Which is better, prime rib or ribeye? ›

It's impossible to crown one cut the winner. Whether ribeye or prime rib is the better pick depends entirely on the occasion! These two choices may come from the same cut of beef, but they're not interchangeable; ribeyes and prime rib roasts are cooked differently and serve different purposes.

How to pick out a good prime rib? ›

Choose a rib roast that has a bright color with milky white fat. Avoid dull-colored meat and yellow fat. Also, look for even fat distribution and a good layer of fat around the ends. This isn't the time to look for the leaner cuts.

Is it better to buy bone-in or boneless prime rib? ›

We prefer bone-in prime rib because the bone insulates the meat as it cooks and produces more flavorful and tender results, but we suggest buying the type that is called for in the recipe you are using. The primary benefit of getting boneless is ease of carving.

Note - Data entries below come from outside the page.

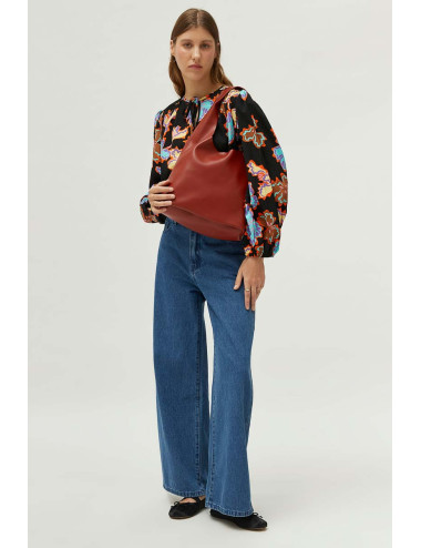 Top en crepé texturizado de color negro con estampado de flores azules, amarillas y marrones. Con cuello redondo y manga larga. Cierre con lazada en el cuello. La modelo mide 176 cm y lleva la talla S.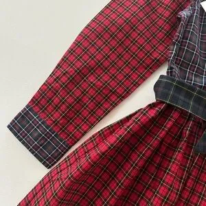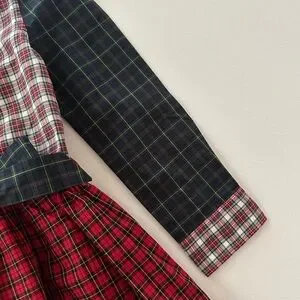 Stylish patchwork plaid dress by Polo Ralph Lauren. Features red and blue patterns. Ideal for casual outings.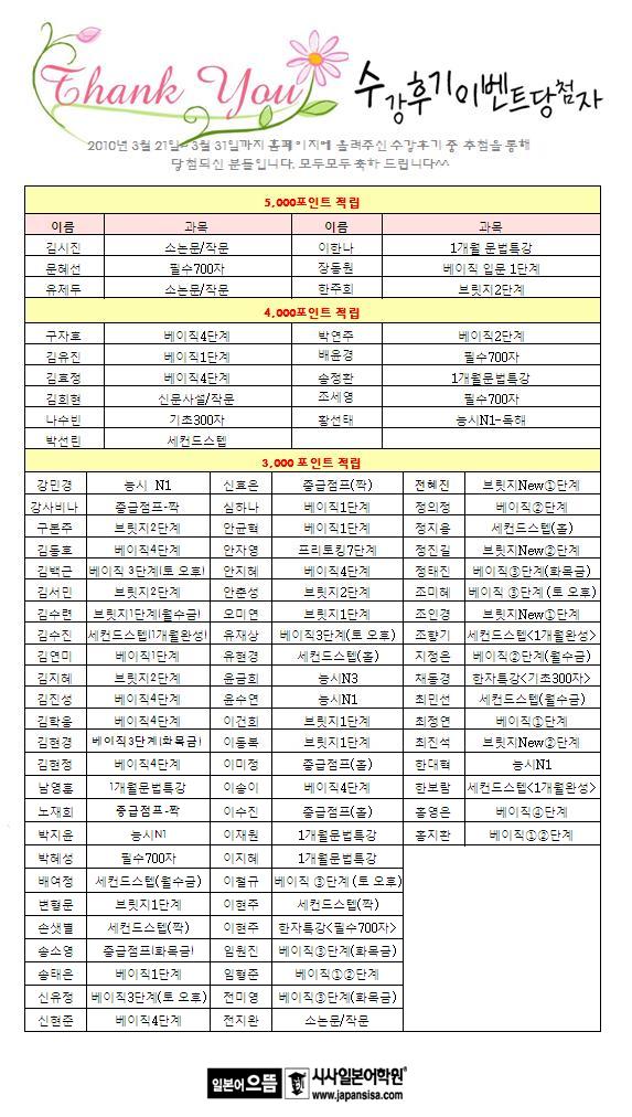 3월 수강후기 이벤트 당첨자 명단입니다!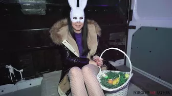 Description: We saw a woman standing by the side of the road selling Easter eggs and wearing a mask with ears to mark the occasion. She spoke Czech so Martin explained we would pay her for a confession. She joined us in the van where she confessed to naughty things like cheating on her ex boyfriend. We offered her 800 more euro for sex and the naughty woman agreed to fuck. I took out my big dick and she gave me a blowjob then I lay her back and played with her pussy. We stripped her so I could slap her perky tits then she threw her ass back against me in doggystyle. Finally she delightfully stuck out her tongue for my facial!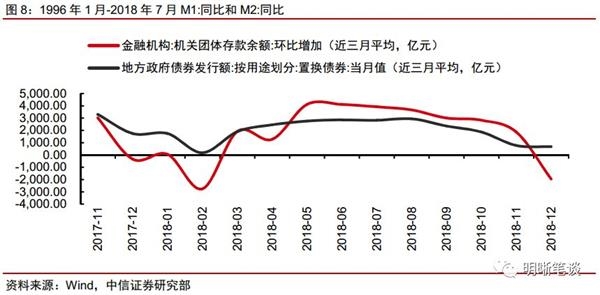 机关团体活期存款下降与地方政府债务置换进度加快有关。根据中国人民调查统计司于2012年12月31日编制的《金融统计金融工具类指标释义》,“机关团体存款”是指“机关法人、事业法人、军队、武警部队、团体法人存放在银行业金融机构的定活期存款以及上述单位委托银行业金融机构开展委托业务沉淀在银行的货币资金。”由此可见,公积金存款和社保基金存款以及自营收支存款是机关团体存款的主要组成部分。此外,部分地方政府置换债券和新增债券资金将短暂留存于机关团体账户(主要为地方政府融资平台账户),是导致2016机关团体活期存款增加的主要原因,数据上看,地方政府债置换变动与M1波动较为一致。而近几年随着债务置换临近,地方政府置换进度加快,由置换债资金转化的存款规模下降。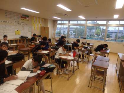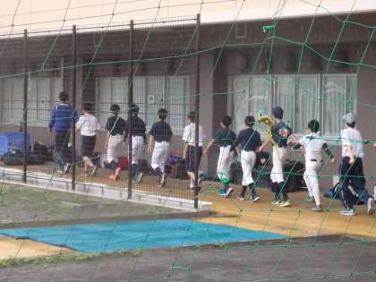 今日は天気が雨なので、野球部は都大会閉会式の行進の練習と、自習に取り組んでいました。部活と勉強を両立させてがんばっています。(田村真)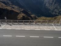 the motorcycle is traveling down the road near the mountains by itself on the side of the road

Is prime rib better than ribeye? ›

It's impossible to crown one cut the winner. Whether ribeye or prime rib is the better pick depends entirely on the occasion! These two choices may come from the same cut of beef, but they're not interchangeable; ribeyes and prime rib roasts are cooked differently and serve different purposes.

What is like prime rib but cheaper? ›

Shop smarter with this beef cut that tastes like a premium roast. Top loin roast, which comes from the short loin in the middle of the cow's back, is the roast that generates strip steaks (it's also called “strip roast”).

Is prime rib more expensive than steak? ›

Prime ribs often cost more due to the fact that they have more marbling and flavor. If you have intentions on cooking the meat yourself, you may find it a bit difficult to get prime rib.

Why does prime rib taste different? ›

Since prime ribs and ribeye steaks come from the same primal cut of beef, the difference in their flavors comes from the way they are cooked. Prime ribs are seared and then roasted slowly under low heat, making them more tender, while ribeyes are grilled quickly over high heat, making them more charred.